To reconcile contradictory findings, researchers should perform side-by-side comparisons using standardized methods and multiple strains. When reporting results, contextual factors should be clearly described, and claims should be appropriately scoped to the specific experimental conditions and bacterial strains used.

What emerging techniques could advance our understanding of htrB function in H. influenzae?

Several cutting-edge methodologies hold promise for deepening our understanding of htrB function:

• CRISPR-Cas9 Gene Editing: This technique could allow for more precise modification of the htrB gene, including the creation of point mutations that affect specific functional domains rather than complete gene disruption. This would enable more nuanced analysis of structure-function relationships in the htrB enzyme.

• Single-Cell RNA Sequencing: Applying this technology to infected host cells could reveal heterogeneity in host responses to wild-type versus htrB mutant bacteria, potentially uncovering subpopulations of cells with distinct response patterns that might be masked in bulk analyses.

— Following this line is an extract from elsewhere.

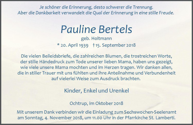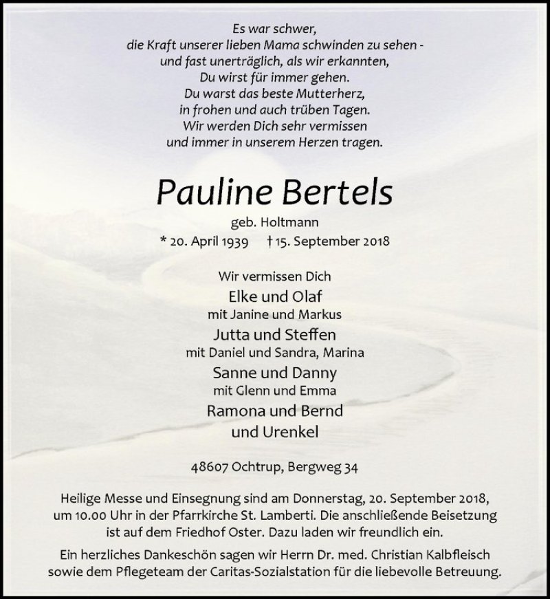 Hier finden Sie alle Traueranzeigen aus der Zeitung, die bisher für Pauline Bertels erschienen sind. Weitere Traueranzeigen, die in der Zeitung erscheinen, werden hier ebenfalls aufgelistet

• Advanced Live Imaging Techniques: Real-time visualization of host-pathogen interactions using fluorescently labeled bacteria and host cellular components could provide dynamic information about how htrB-dependent lipid A modifications affect the early stages of bacterial attachment, invasion, and host cell response.

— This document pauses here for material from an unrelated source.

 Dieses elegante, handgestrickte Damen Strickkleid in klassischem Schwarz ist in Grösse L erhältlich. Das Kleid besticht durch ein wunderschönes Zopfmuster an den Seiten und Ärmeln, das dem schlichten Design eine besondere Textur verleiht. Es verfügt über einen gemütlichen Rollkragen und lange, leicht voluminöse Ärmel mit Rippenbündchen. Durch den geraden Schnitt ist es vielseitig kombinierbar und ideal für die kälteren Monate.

• Systems Biology Approaches: Integration of transcriptomic, proteomic, and metabolomic data from both the bacteria and host cells during infection could create comprehensive models of how htrB function influences the complex interplay between H. influenzae and the human airway.

• Humanized Mouse Models: Development of mouse models with humanized respiratory epithelium could bridge the gap between in vitro human cell studies and in vivo animal models, potentially providing more translatable insights into the role of htrB in human infections.

These advanced techniques, combined with the established methodologies described in the existing literature , could significantly enhance our understanding of how htrB-mediated lipid A acylation contributes to H. influenzae pathogenesis and host interaction, potentially opening new avenues for therapeutic intervention.